Aunque muchas de esas sombras se han ido desvaneciendo subsisten sus fotografías como prueba material de lo acontecido. Por supuesto, los testimonios de los sobrevivientes, los «Hibakusha» seguirán cruzando las fronteras y así esperamos que sea. Pero, todas esas voces, objetos y vestigios comparten una dimensión que Pierce puede ayudarnos a considerar más profundamente. Pues nos hemos referido al índice como fuente de una «convulsión ética», y no hemos explicitado el porqué. Pierce emplea una categoría llamada «Segundidad» (secondness) para esclarecer la naturaleza del índice en relación con la significación. Cuando concebimos algo en primera instancia, por ejemplo, una «explosión nuclear», ese «algo» no es plenamente consciente en nosotros hasta que no sobreviene un segundo momento donde el índice actúa. En la Segundidad ese algo se manifiesta con un «aquí», y un «ahora»; es la irrupción de una particularidad que como hecho físico existe autónoma e independientemente de nosotros. Ese «aparecer» en el «aquí y ahora» de lo otro como un «tú» opera como una convulsión, una «sacudida semiótica» donde la silueta viene a alterar la unicidad perseverante de nuestro ser, pues nos propone una relación, un ir más allá de nosotros mismos, y designa lo que se ha denominado en el campo de la ética como de «otredad». A partir de esta noción podemos establecer un puente con lo desarrollado por Emmanuel Levinas en relación con el Rostro como categoría de lo Ético. Para Levinas el Rostro no sería un retrato pictórico en sentido tradicional, sería más bien una «huella» de la proximidad de Dios en el rostro de cada persona, la posibilidad de trascender el orden del mundo entendido como persistencia, por medio de una relación con lo más débil:  «La relación con el Rostro es por una parte una relación con lo absolutamente débil,- lo que está expuesto absolutamente, lo que está desnudo y despojado, es la relación con lo desnudo, y en consecuencia, con quien está solo y puede sufrir ese supremo abandono que llamamos muerte»[2]. Esta huella no aparecería entonces como una imposición, si no sustrayéndose al poder pues «para que la alteridad perturbadora de orden no se convierta ya en participación del orden, es preciso que la humildad de la manifestación sea ya en sí mima un alejamiento»[3]. Sólo a través de este alejamiento, esta huida que señala lo precario y frágil es que puede acontecer, según Levinas, la verdadera transcendencia.
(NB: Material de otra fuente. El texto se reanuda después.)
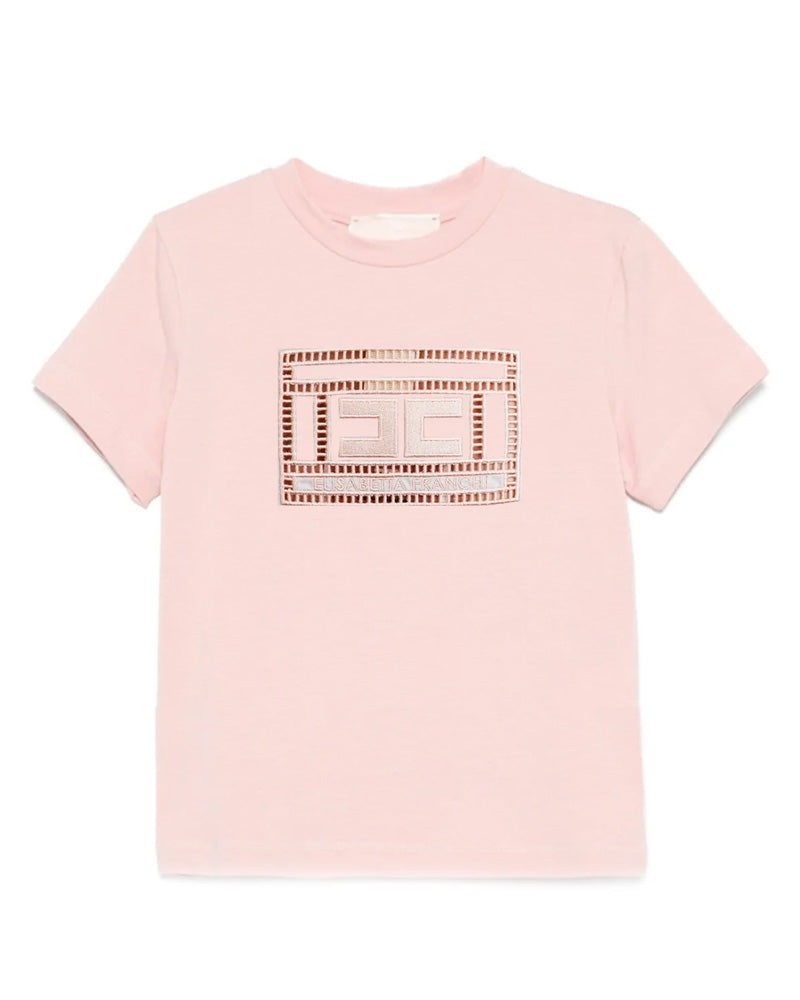 T-shirt in cotone di Elisabetta Franchi La Mia Bambina. Presenta collo tondo, maniche corte, logo e simbolo del brand sul davanti.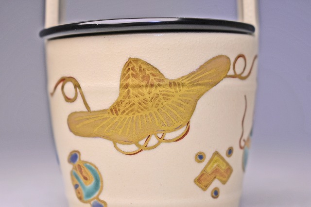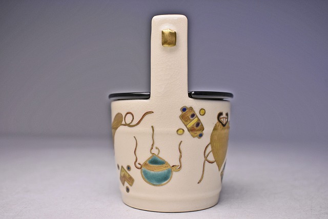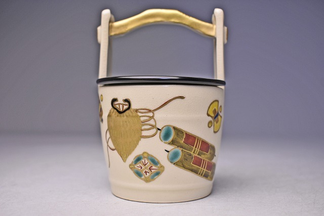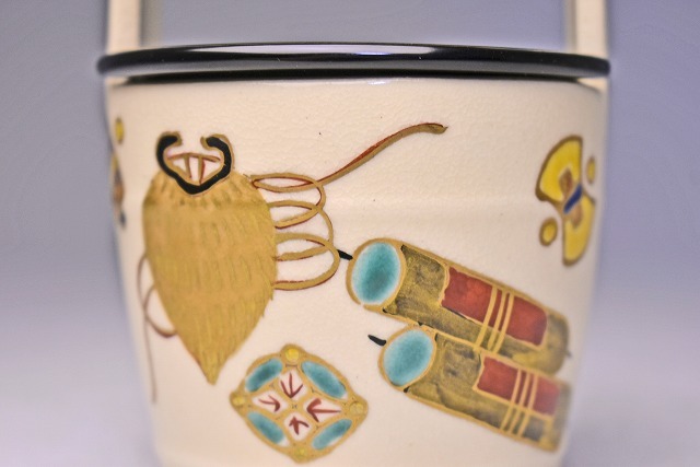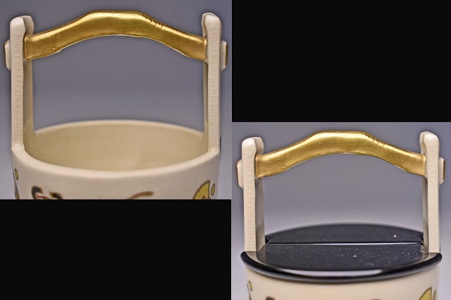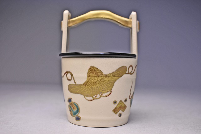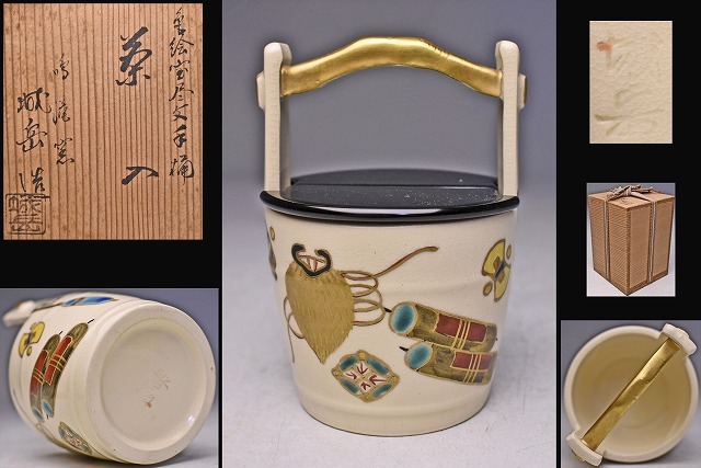 サイズは 75mmx高さ106mm です。 京都のベテラン 橋本城岳 氏の 作品です。 仁清風の 色絵金彩の 茶入です。 宅配便60サイズにて発送します。 他にも多数出品してます。同梱対応いたします。

Frente al poder que se instauró después de Hiroshima y Nagasaki no debemos olvidar que esas sombras son los signos de una suspensión silenciosa, tan humilde como las voces de los sobrevivientes, pero suficientemente presentes como para convocar nuestra responsabilidad ante el carácter destructivo de nuestra cultura.


[1] Han, Byung -Chul;(2015) Filosofía del Budismo Zen, Barcelona, Herder. Pag.95.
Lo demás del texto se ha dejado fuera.